* _WHAT THE TASK REQUIRES_
The required output is the exact text of the lines from the line containing "Mahonie penantkast met" through the final line below, inclusive, without pictures.

* _DATASET EXTRACT_
>>
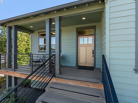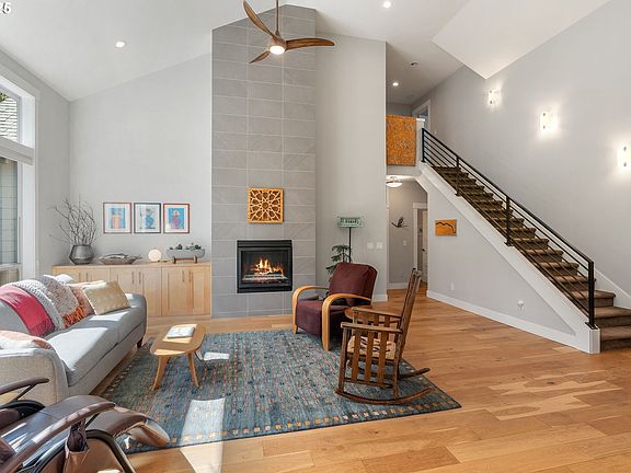 Set on a quiet cul-de-sac across from the Indian Creek Trail, this 2018 custom-built Hood River home offers 3 bedrooms, 2.5 bathrooms, an office, and 2,076 sq ft of light-filled living space. The great room, with vaulted ceilings, a wall of south-facing windows, and a dramatic floor-to-ceiling tiled fireplace, connects seamlessly to the dining room and kitchen. The spacious primary suite features vaulted ceilings, a walk-in shower, dual sinks, and a soaking tub, creating a private retreat. Outdoor living is highlighted by a backyard garden oasis, multiple decks, raised garden beds, mature landscaping with drip irrigation system, and a welcoming covered front porch. Solar panels (owned) and an on-demand hot water heater enhance energy efficiency, and the garage includes an art studio with utility sink and ample storage. Loved by its original owner for its brightness, sense of space, storage space, and peaceful setting, this home offers Mt. Adams views, trail access, and exceptional privacy in a desirable location. This is a home you won't want to miss; contact an agent to set up a private showing of this lovely home.
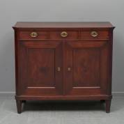 Mahonie penantkast met drie lades en twee deuren, circa 1800 -gebruikssporen en krimpscheuren-, 89,5 × 101,5 × 43,5 cm
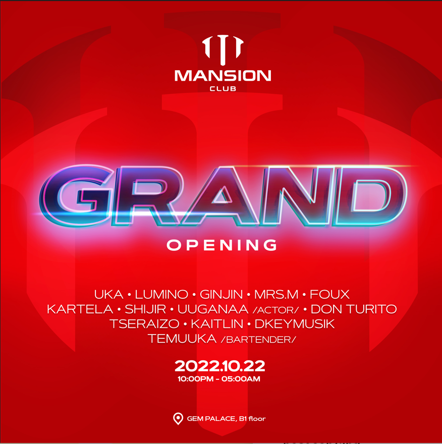 Их хотын хөгжим сонирхогч залууст зориулсан цоо шинэ "Mansion Club" энэ сарын 22-ний өдөр буюу ирэх бямба гарагт нээлтээ хийх гэж байна.
<<
* _RESULT FOR THIS TASK_
 Mahonie penantkast met drie lades en twee deuren, circa 1800 -gebruikssporen en krimpscheuren-, 89,5 × 101,5 × 43,5 cm
 Их хотын хөгжим сонирхогч залууст зориулсан цоо шинэ "Mansion Club" энэ сарын 22-ний өдөр буюу ирэх бямба гарагт нээлтээ хийх гэж байна.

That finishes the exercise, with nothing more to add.